All of this information does help prove why the pirate probably could have escaped under the radar. There was a lack of law enforcement, in addition to a local community pushing for it. The story has become more plausible…if only I could find something more than word of mouth to prove it.

One dead end after another…

Tuesday, October 14th, 2008

After my failed trip to the town, I was really discouraged. I found out enough information to keep me going, but nothing really substantial. I have not gotten any closer to figuring out a name, and my trips to the library that last four hours at a time to look through the microfilm (I’m convinced I’m causing permanent damage to my eyes), have yielded absolutely no results. I was almost giving up all hope, when I suddenly got this idea. It’s a bit of a stretch and is probably a last call operation, but I decided to make a flier to hang around the town and surrounding areas to see if anyone can give me anymore information about this mysterious pirate. I might hand some around in the local shops.

Since I’ve been unable to find any newspaper articles up here, I am going to spend the whole in the local historical society to see if I dig anything up.

If I can’t find any substantial evidence soon, then I might to completely change my topic. I definitely think I am going to change my topic, well not completely, but my paper will be a lot less interesting.

Here’s a copy of the flier I created:

flyer-1

Panic of 1873

Saturday, October 11th, 2008

After talking to some of the locals from town, I was able to narrow down the time frame that the pirate could have existed. Due to the lack of small non-commercial ships during the Civil War (security issues), the pirate would have had to be operating some time after the civil war. This narrowed down the field quite a bit. Furthermore through some more background research of the late half of the 18th Century I found some interesting information which could give more context to the story of this pirate if he actually existed.

In 1873, due to the United States under went a financial crisis that has similarities to the one we are currently suffering from today. The crisis began in September of 1873 with the failure of a well-known firm by the name of Jay Cooke and Company had over-extended it’s abilties and tried to invest in the Northern Pacific Railroad but failed to find sufficient funds to support it.
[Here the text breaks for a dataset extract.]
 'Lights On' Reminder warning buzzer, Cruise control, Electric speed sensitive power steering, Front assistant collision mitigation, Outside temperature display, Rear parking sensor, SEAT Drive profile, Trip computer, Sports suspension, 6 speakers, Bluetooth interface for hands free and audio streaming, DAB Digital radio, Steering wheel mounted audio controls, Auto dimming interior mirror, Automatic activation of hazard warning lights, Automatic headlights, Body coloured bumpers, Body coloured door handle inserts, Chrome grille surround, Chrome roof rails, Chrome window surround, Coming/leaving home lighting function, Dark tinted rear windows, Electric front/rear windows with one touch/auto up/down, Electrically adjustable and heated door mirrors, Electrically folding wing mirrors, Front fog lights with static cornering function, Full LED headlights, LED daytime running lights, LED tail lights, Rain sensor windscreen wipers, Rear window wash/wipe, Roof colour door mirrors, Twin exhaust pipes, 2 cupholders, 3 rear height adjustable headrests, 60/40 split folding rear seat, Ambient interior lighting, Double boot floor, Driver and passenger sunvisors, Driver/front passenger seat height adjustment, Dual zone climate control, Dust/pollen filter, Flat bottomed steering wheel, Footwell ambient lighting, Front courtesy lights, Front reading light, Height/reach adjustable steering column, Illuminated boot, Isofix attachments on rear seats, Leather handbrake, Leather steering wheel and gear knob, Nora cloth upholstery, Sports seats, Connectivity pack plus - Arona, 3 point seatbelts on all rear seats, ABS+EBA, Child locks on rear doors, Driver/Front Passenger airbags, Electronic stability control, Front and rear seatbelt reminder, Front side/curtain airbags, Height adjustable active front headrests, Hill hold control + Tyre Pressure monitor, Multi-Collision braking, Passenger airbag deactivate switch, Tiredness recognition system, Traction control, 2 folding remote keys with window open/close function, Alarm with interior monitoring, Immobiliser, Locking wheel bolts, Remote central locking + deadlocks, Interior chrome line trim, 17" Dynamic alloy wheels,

In addition to its collapse nineteen other firms went under causing widespread panic and making credit almost impossible to obtain (sounds kind of familiar right?) Being as I am not an economics major, it’s a little hard for me to completely understand everything that the articles I read are talking about, but the gist is that the failure of the investment firms, resulted from their inability to make payments to the banks, which caused banking failures. This was followed by the plummeting of railroad stocks and deflation of prices. Property values also declined and the number of bankrupcies doubled.
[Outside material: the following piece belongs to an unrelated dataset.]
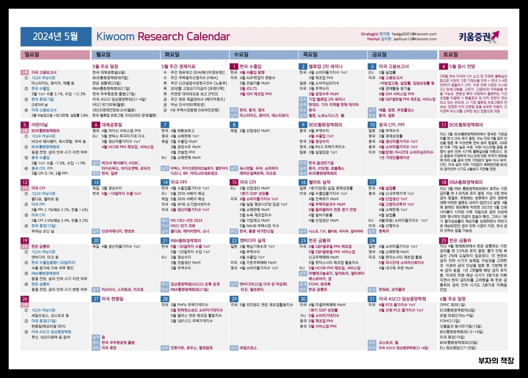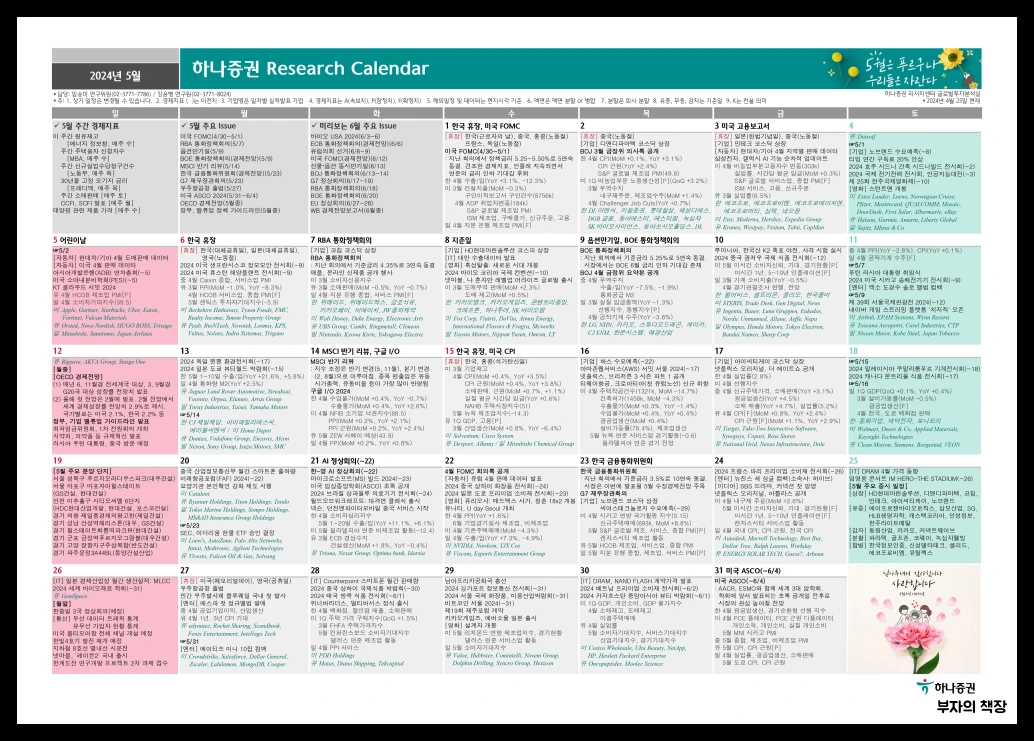 2024년 5월 하나증권 증시 캘린더 다운로드

The effect of the depression was felt worldwide, so this could have had an influence on the life of this pirate. He might have lost his job or his property in the midst of the depression, which could explain why he might turn to a life of crime. People do crazy things in times of need. I actually came across an article recently that talks about what people do during desperate times, in relation to our current economic situation. Here’s the link: http://articles.moneycentral.msn.com/Banking/YourCreditRating/desperate-times-desperate-people.aspx?GT1=33001.

Here are some of the sources I looked at:

Wells, O. V. “The Depression of 1873-79.” Agricultural History 11, no. 3 (July 1937): 237-251.

Rezneck, Samuel. “Distress, Relief, and Discontent in the United States during the Depression of 1873-78.” The Journal of Political Economy 58, no. 6 (December 1950): 494-512.